Em revés para os ex-agentes políticos, a Primeira Turma do Superior Tribunal de Justiça (STJ) reafirmou, nesta terça-feira (9/4), a condenação por improbidade administrativa de José Roberto Arruda, ex-governador, e Jaqueline Roriz, ex-deputada federal. A decisão, proferida no âmbito da Operação Caixa de Pandora, enterra as esperanças de Arruda e Roriz de reverterem a sentença.
Os ministros do STJ negaram provimento ao recurso apresentado pelos políticos, mantendo integralmente o veredito do Tribunal de Justiça do Distrito Federal e dos Territórios (TJDFT). O caso remonta a 2006, quando Jaqueline Roriz, então candidata a deputada distrital, foi flagrada recebendo recursos de origem duvidosa supostamente destinados a impulsionar a campanha de Arruda ao Governo do Distrito Federal (GDF).
O ministro Gurgel de Faria, relator do processo, enfatizou que o TJDFT identificou claramente a conduta ímproba e o elemento subjetivo inerente, ressaltando a impossibilidade de modificar a decisão em sede de recurso especial sem uma nova análise das provas já apresentadas.

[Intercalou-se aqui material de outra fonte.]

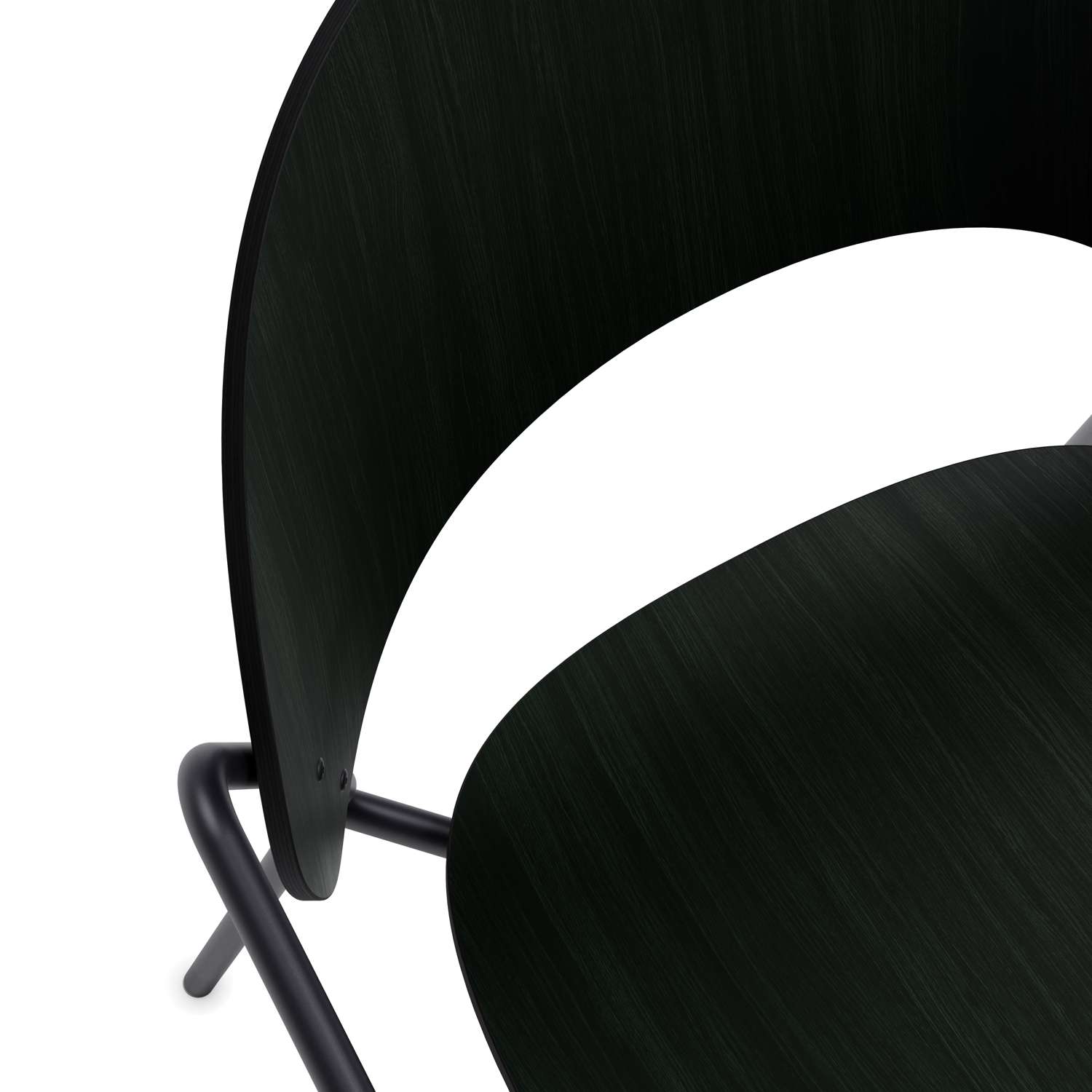 Takket være sin enkle konstruktion har stolen, på trods af sin massive, brede ryg, et let og indbydende udtryk – selv når langbordet eller mødebordet skal forsynes med mange stole. Stolen kan stables, så du altid kan have et par ekstra stole stående uden at de tager unødigt meget plads.

A defesa de Jaqueline Roriz, por sua vez, manifestou discordância e anunciou que pretende recorrer da decisão. “A defesa discorda respeitosamente da decisão do STJ, pois acredita que a reconhecida nulidade de provas deveria levar à cassação da condenação, mesmo em sede de recurso especial. Decidir o contrário perpetua uma condenação injusta decorrente de provas manipuladas e, portanto, ilícitas”, declarou o advogado Paulo Emílio Catta Preta.
A equipe de reportagem busca contato com a defesa de Arruda para obter um posicionamento sobre a decisão do STJ.